= Battle of the Systems =

Controversy in exercise trends

The Battle of the Systems was a controversy over the most effective system of exercise and calisthenics that spanned from the 1830s to the early 1920s, consisted of different systems of exercise mostly in a gymnastic or calisthenic-type format. It raged in the United States as states mandated physical education systems.

==Systems==

===German gymnastics===
Started by Johann Guts Muth and Friedrich Ludwig Jahn, used large fixed apparatus, vaulting and marching. Jahn felt that physical conditioning was essential for a strong nation. The German system had a "militaristic" view of fitness, with a very strict, formal style of physical training: Jahn's purpose in promoting what he called the Turnverein movement was to mold the German youth into strong citizens. It was introduced to America by Charles Beck, a German immigrant.

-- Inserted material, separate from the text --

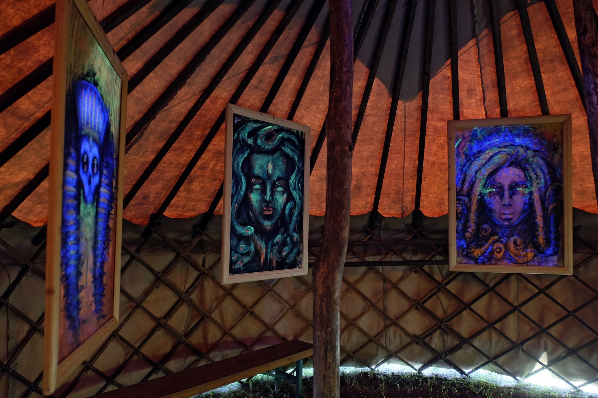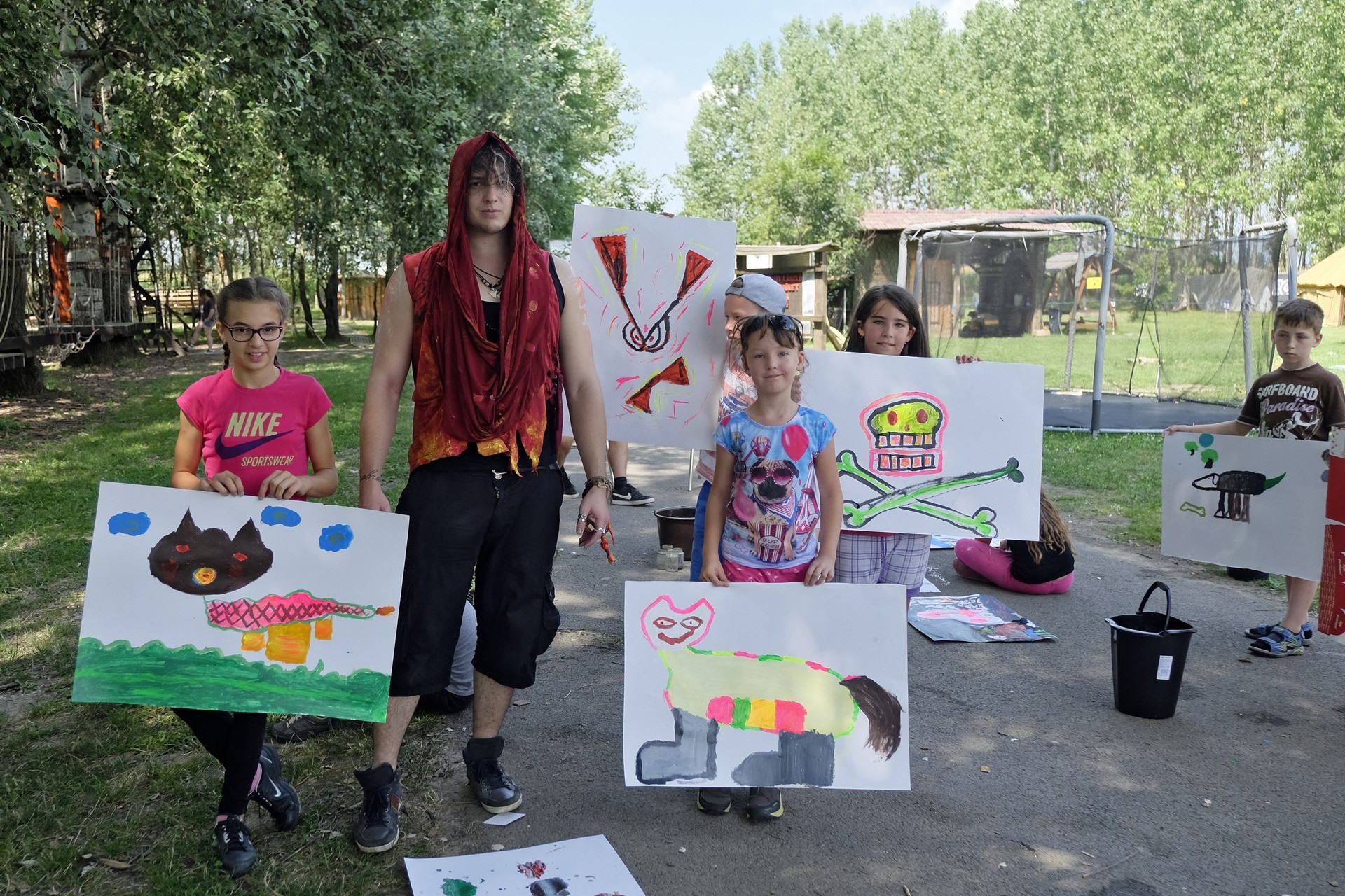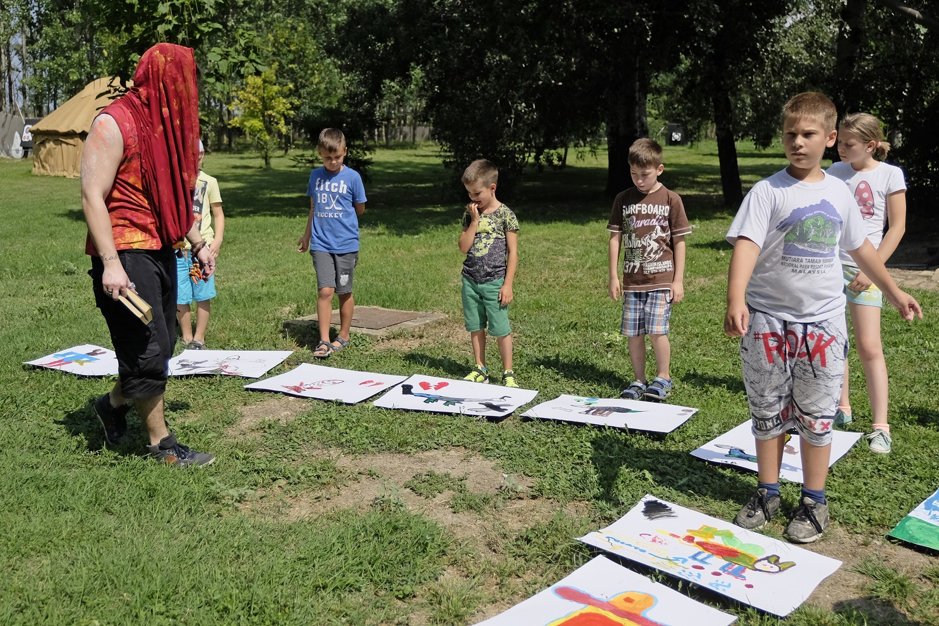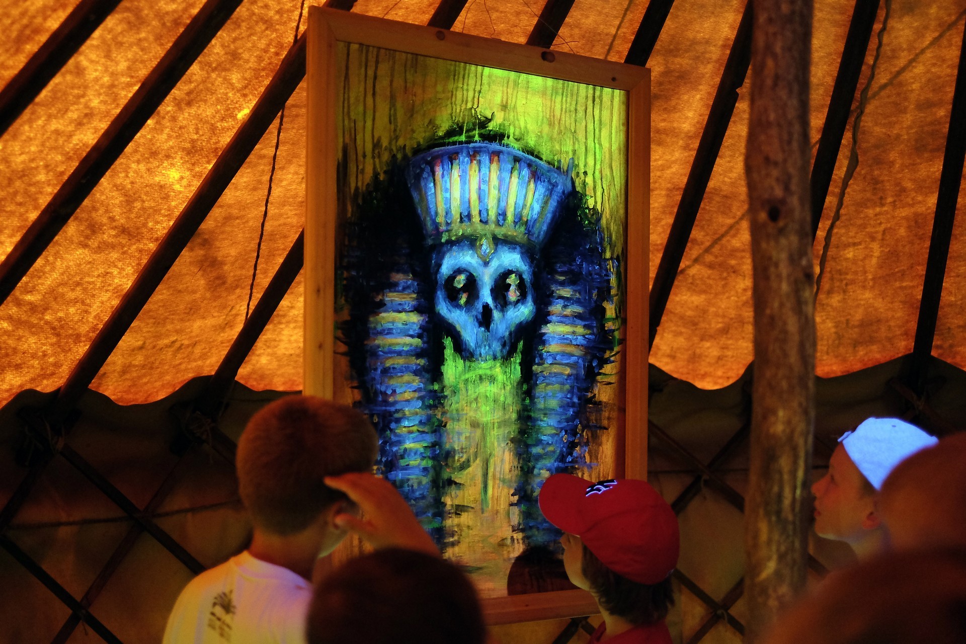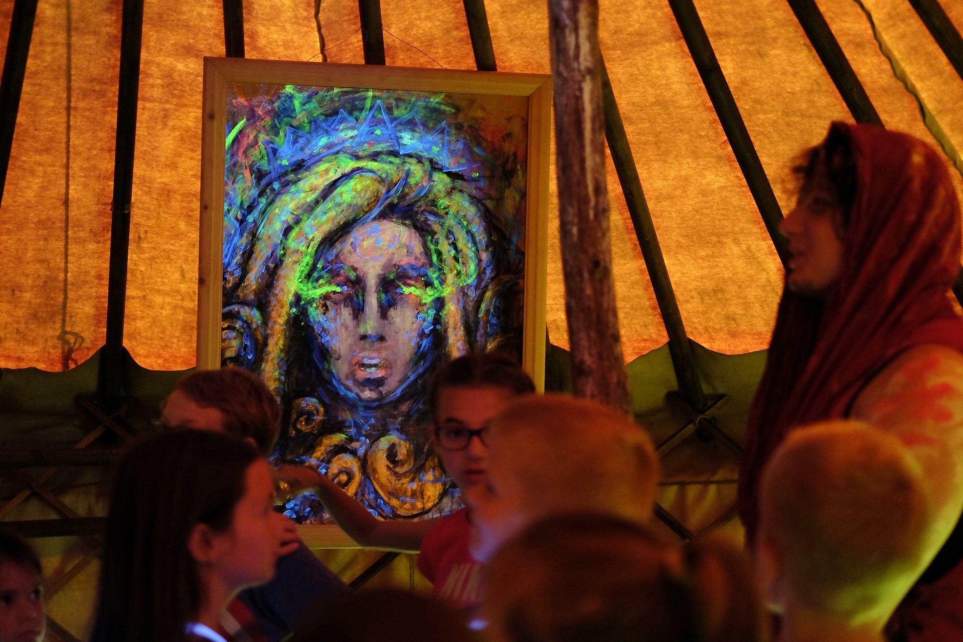 Legvégül kerültek a műalkotásokra az UV-fényre reagáló színes festékek, és a picik végül egy sötét jurtában megnézhették, hogyan világítanak alkotásaik. A programban a tábor vezetőinek segítséget nyújtott Kéri László, aki maga is ezzel a technikával készíti műalkotásait, amik közül jónéhányat el is hozott a rendhagyó táboros tárlatra.

Although they were based on the ideas and work of Friedrich Jahn, the American system was less nationalistic.

===Swedish gymnastics===
Sometimes called the "Swedish Movement Cure," founded by Pehr Henrik Ling, was a health-oriented approach and recognized for inherent medical values. The Swedish "light gymnastics" used no apparatus, consisting of calisthenics and exercises. It was freer and less rigid than the German system. The Swedish system was made popular in America from the 1880s under Hartvig Nissen and Nils Posse.

===Delsarte system===
A French system created by François Delsarte in the 1890s. His system, based on the belief that certain exercises contributed more to poise, grace, beauty and health, and were therefore more beneficial in improving performances in singing, drama and dance, gained popularity in dance and theatre as well as physical education, though in the latter its popularity was limited and short-lived.

===Sargent system===
Founded by Dudley Allen Sargent in the 1800s, it was a system of gymnastics based on both the German and Swedish systems. Sargent constructed many types of apparatus to be used in his program and also experimented in anthropometric measurements. This eclectic system required a thorough medical examination as a basic preliminary to any physical activity.

==Outcome==
There was no winner proclaimed because popularity varied from region to region and as one would gain a strong foothold, another system would grow in popularity. The public would shift with the latest trend. These systems would all but vanish as science and research would reveal the truth in promoters' claims.